Speaking at the XRSpace global announcement event, former HTC head Peter Chou explained that he believes smartphones are limited in the way the devices allow humans to interact with one another. Emojis, pictures, text and even video aren’t enough to capture how we truly feel. So Chou set out to create a social reality where people can interact physically and virtually, in a way that is more similar to normal human interactions.
Chou also touched on the problems with VR in general, claiming that most regular consumers haven’t tried VR due to the many barriers that are preventing widespread adoption. He believes that people think the technology is gimmicky, complicated and that the perception is that VR is only relevant to gamers and B2B applications.
The best business VR headset 2020
XRSpace hopes to solve these issues by making VR a more day-to-day experience, much like how we use our phones. With this in mind, the $599 XRSpace Mova VR headset (about £480/AU$890) was designed to be small, light and powerful with a Qualcomm Snapdragon 845 inside.
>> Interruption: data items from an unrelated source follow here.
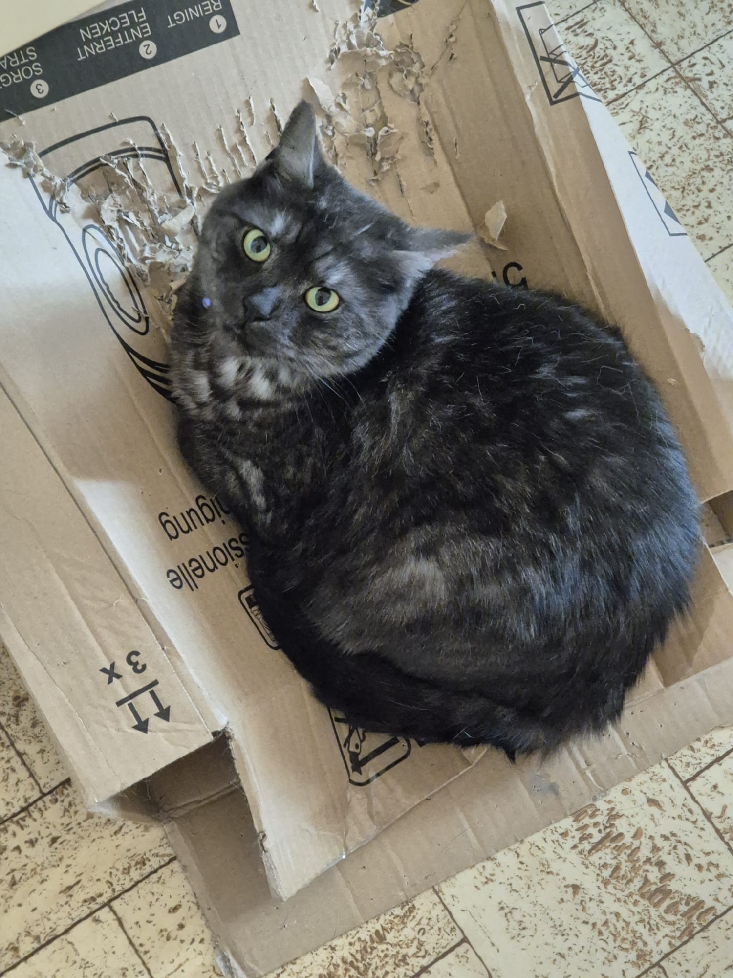 Pralinka našla nový domov v Jihlavě. Je to paní domu, ostatní zvířátka má totálně pod packou. Má 3 domečky, které ji absolutně nezajímají, protože si místo toho oblíbila košík a krabici. S pánečky jezdí i na chatu, kde má svoji kamarádku.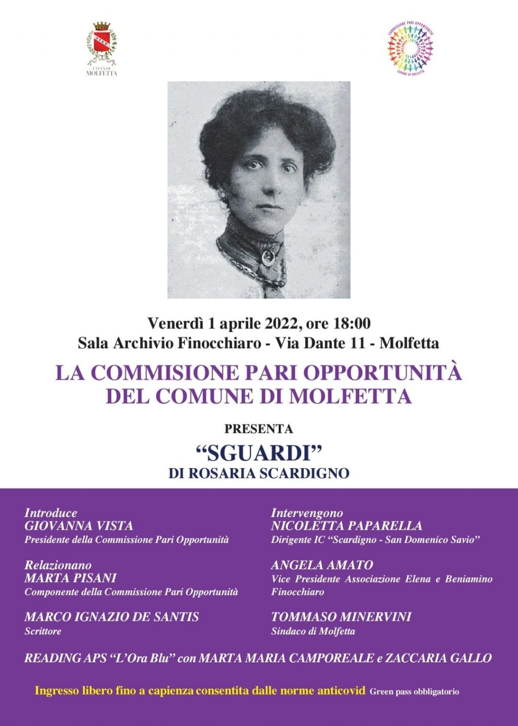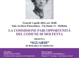 Venerdi, 1 aprile 2022, alle ore 18,00, presso la Sala Archivio Finocchiaro, via Dante 11 a Molfetta, la Commissione Pari Opportunità del Comune di Molfetta, con il patrocinio del Comune di Molfetta, presenta “Sguardi”, opera letteraria di Rosaria Scardigno.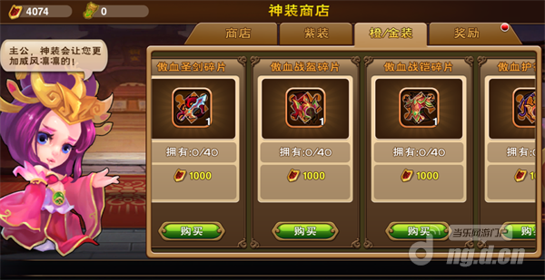 可以用威望值在神装店铺选购蓝装、紫装和史诗装备的装备碎片;60级后提升金装碎片。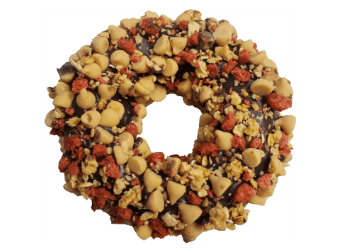 Gourmet donut: carob, peanut butter, bacon, crunchy, delicious treat!
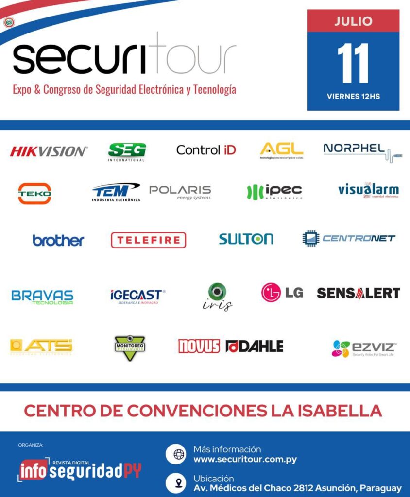 Securitour regresa a Asunción este viernes 11 de julio de 2025 con una edición muy especial: será la décima vez que el evento se realiza en Paraguay. Consolidado como la expo más importante del país en seguridad electrónica, automatización y tecnología aplicada, Securitour se ha transformado en el punto de encuentro clave para integradores, instaladores, distribuidores, fabricantes, empresas de monitoreo, organismos públicos y compradores institucionales.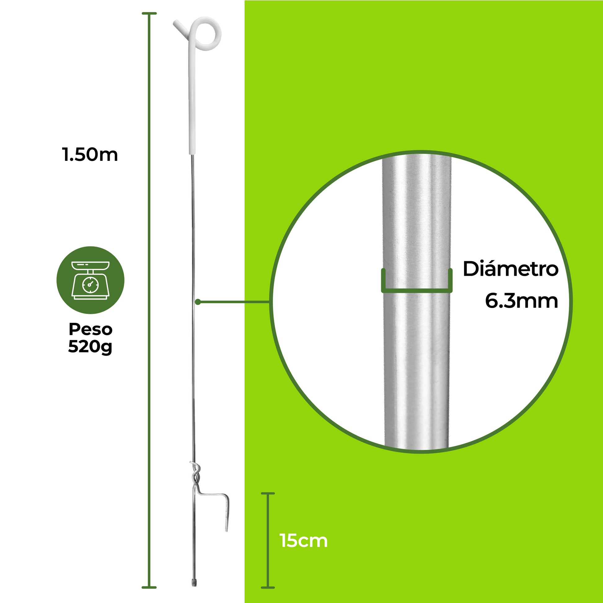 Varilla cola de cerdo 1.50m Agrofacil en acero galvanizado para la implementación de cercas móviles. Utilízala en cerramientos con cordón y cinta eléctrica.

It has a refresh rate of 90Hz to help reduce dizziness and users can use their hands to navigate, a rare occurrence in the VR space. With no controller necessary, the XRSpace Mova headset lets users virtually handshake, high-five and play basketball. It picks up the same types of hand gestures you’d use in the real world, so should be very intuitive.
A virtual playground
XRSpace Manova(Image credit: XRSpace)
Taking a page from the film Ready Player One, Mova will also support an exclusive virtual world that reminds us of Sony’s failed social experiment, PlayStation Home. The space known as ‘Manova’ will feature all sorts of public and private locations for users to explore, such as a cinema where you can watch films. There will also be fitness classes, a place to meet friends and plenty of commercial opportunities for companies to take advantage of, such as Rovia's Angry Birds VR game.
In Manova, consumers will embody virtual avatars, which can be made by simply taking a selfie. You can then customize your avatar's appearance, although they’re not exactly the most original-looking design we’ve seen.
Noticeably, we never saw a live demonstration of the headset in action. Instead, the audience was treated to a number of videos that merely seemed like concept trailers and a lot of grand promises. Of course, that doesn’t mean that the XRSpace headset won’t deliver when it launches in the third quarter of 2020, but it’s best to remain skeptical for now.